### YOUR TASK:
Retype only what runs from the first line of the records to the line with "Робот пылесос с", inclusive, and no pictures.

### GIVEN ENTRIES:
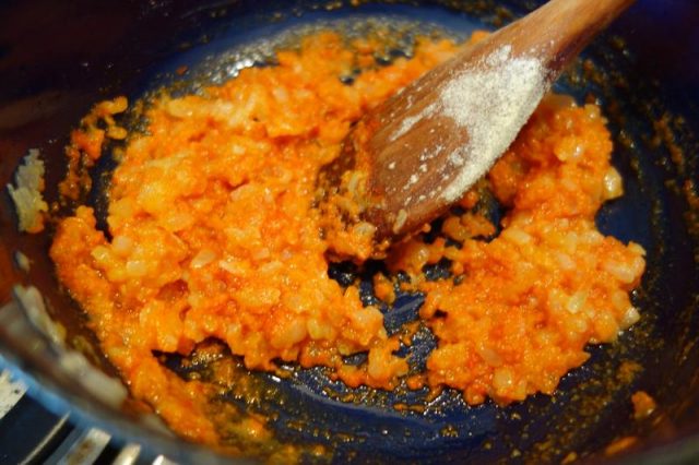 Taie mânânțăl ciapa și toptiești-o cu grije înt-o lingură die oloi. Punie păstă ciapa muietă o lingură bună die fărină die mălai cernută cum ț-am spus. Amestecă, frije-le o țâră laolaltă. Punie o lingură die poprică dulce și adaugă pă rând apă rece și fă o îngroșală la care poț punie, cătăcând o hiert, din zama caldă.
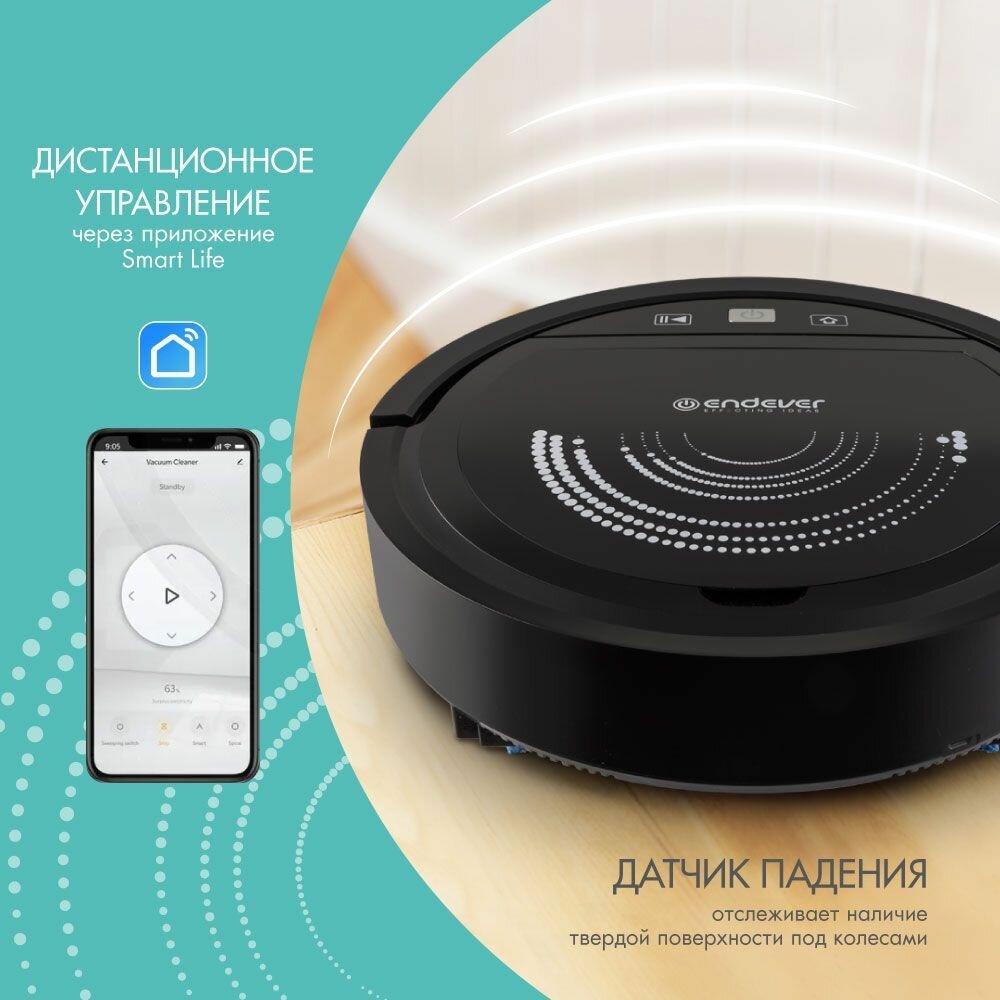 Робот пылесос с влажной и сухой уборкой ENDEVER Spectre-99, 55 Дб, площадь уборки 90-120 кв.м интересное:
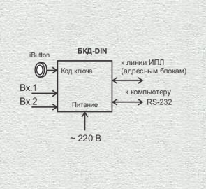 Контроллер БКД-DIN является мастер-устройством системы и предназначен для считывания состояния адресных блоков системы по информационно-питающей линии связи ИПЛ, дальнейшей передачи информации по интерфейсу RS-232 в компьютер системы, управления адресными блоками посредством команд управляющего компьютера, а также для электропитания адресных блоков по ИПЛ стабилизированным постоянным напряжением 24 В. Контроллер предназначен для установки на DIN рейку в монтажный шкаф. Логика работы системы, в которой используется БКД-DIN, обеспечивается на уровне компьютера АРМ, шлюза голосовой связи Н.323 и т.п. Контроллер обеспечивает канал цифровой голосовой связи по методу кодирования m-Law ITU-T G.711 со скоростью потока данных 64 кбит/с.  Контроллер имеет два дискретных входа Вх 1,2 типа «сухой контакт» универсального назначения. Также к контроллеру можно подключить считыватель электронного ключа iButton. Состояние дискретных входов и коды приложенных ключей передаются контроллером в управляющий компьютер по интерфейсу RS-232. |
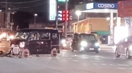 - 被害状況:黒の軽ワンボックス車がフロント部分を激しく大破。道路上に破片が散乱。
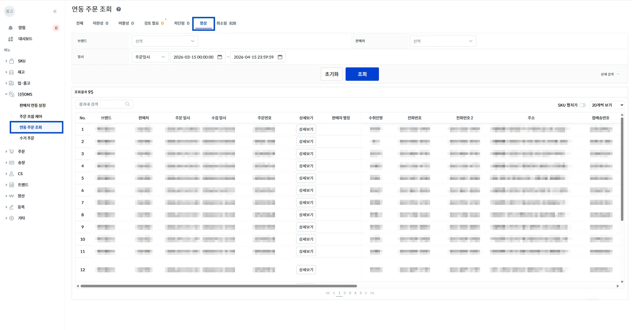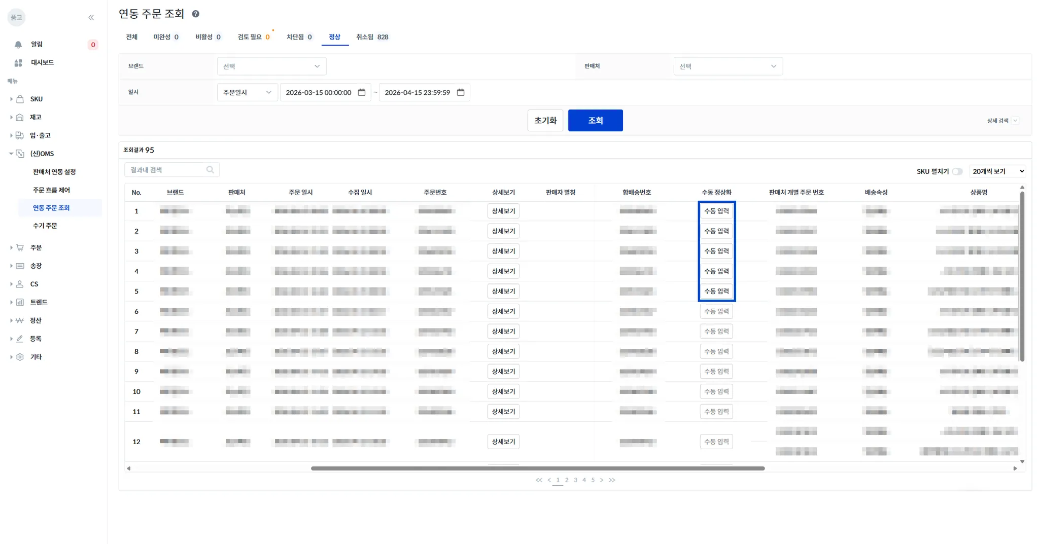 품고나우 좌측 [(신)OMS → 연동 주문 조회 → 정상]으로 접속해 주세요.
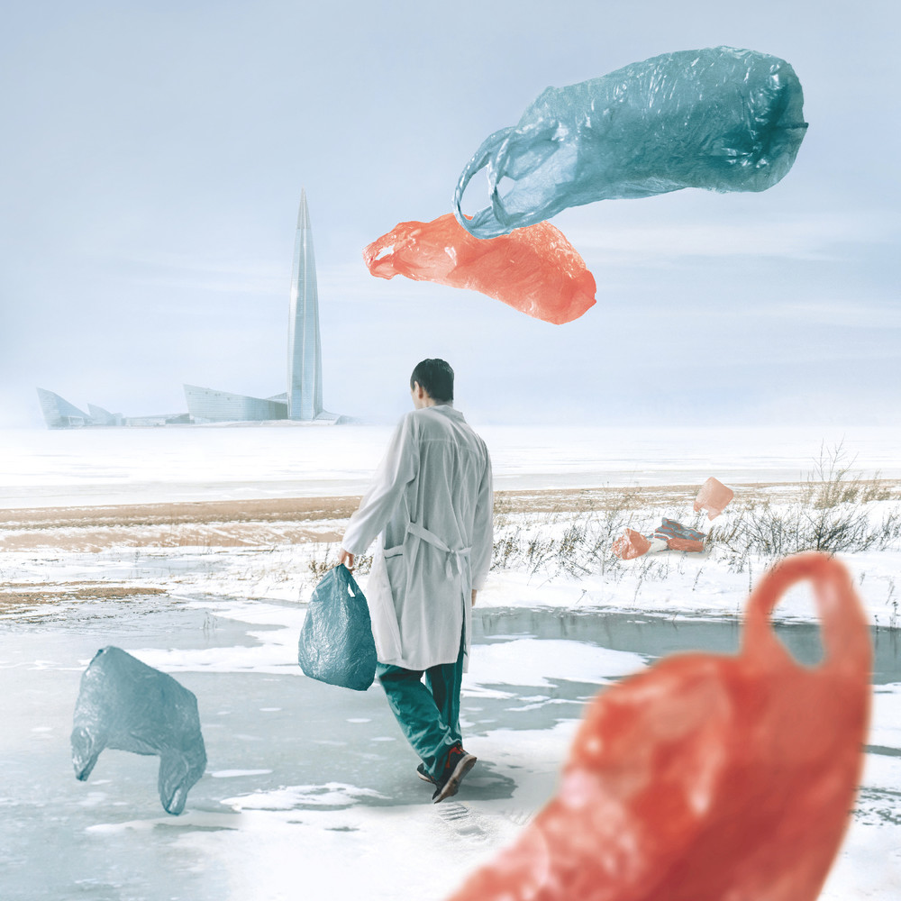 Мой фотоколлаж «Мусорный ветер» представляет собой гиперболизированное размышление о будущем, которое наступит уже завтра. Архитектура здесь выступает как символ технологического прогресса — Лахта Центр на заднем плане становится тем самым «фасадом совершенства», за которым скрываются нерешённые проблемы города. Человек с пакетом на льду Финского залива и летающий мусор создают постапокалиптическую атмосферу, контрастирующую с идеальным фасадом здания.
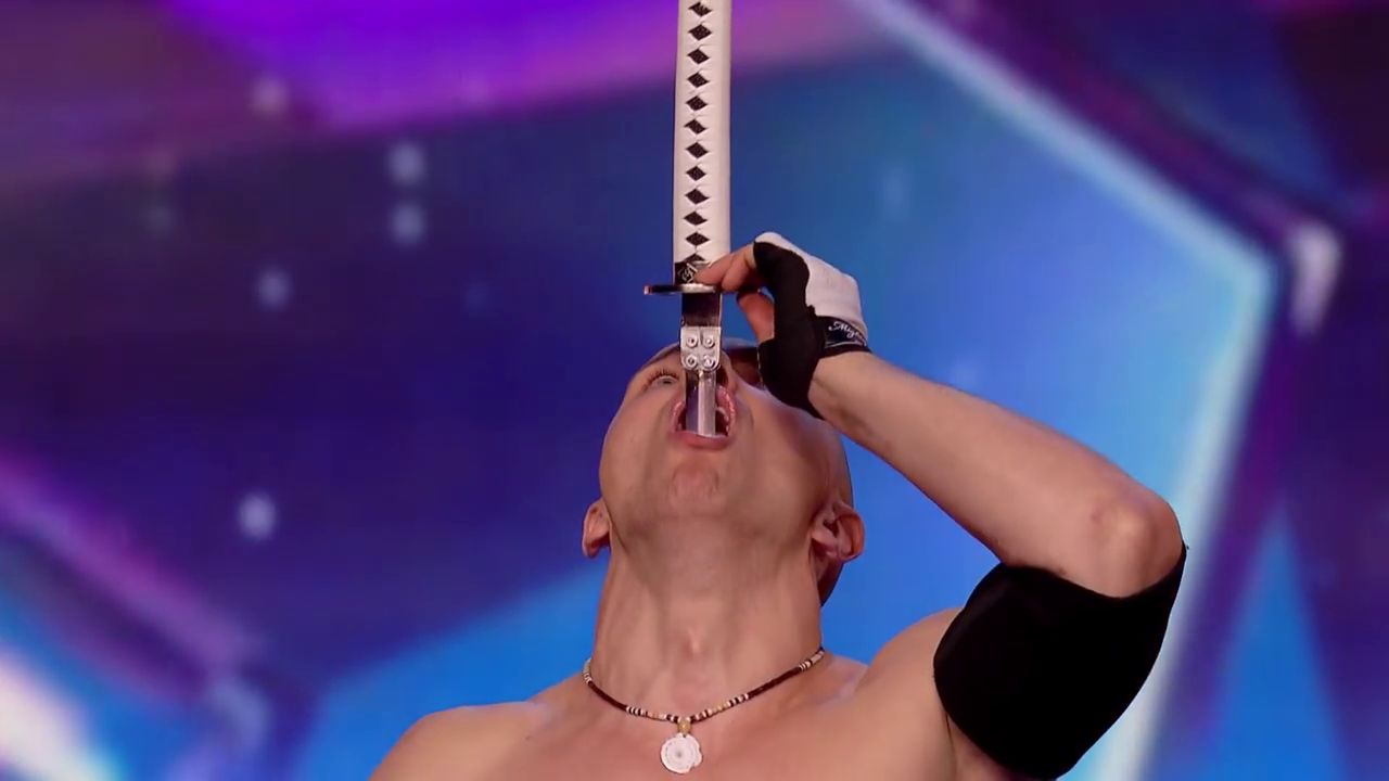 Шпагоглотатель Александр Магала на шоу Britain's Got Talent. Ранее он уже выступал на аналогичных проектах в России ("Минута славы"), Украине ("Україна має талант"), а также Италии, Франции и США.

### EXPECTED ANSWER:
 Taie mânânțăl ciapa și toptiești-o cu grije înt-o lingură die oloi. Punie păstă ciapa muietă o lingură bună die fărină die mălai cernută cum ț-am spus. Amestecă, frije-le o țâră laolaltă. Punie o lingură die poprică dulce și adaugă pă rând apă rece și fă o îngroșală la care poț punie, cătăcând o hiert, din zama caldă.
 Робот пылесос с влажной и сухой уборкой ENDEVER Spectre-99, 55 Дб, площадь уборки 90-120 кв.м интересное:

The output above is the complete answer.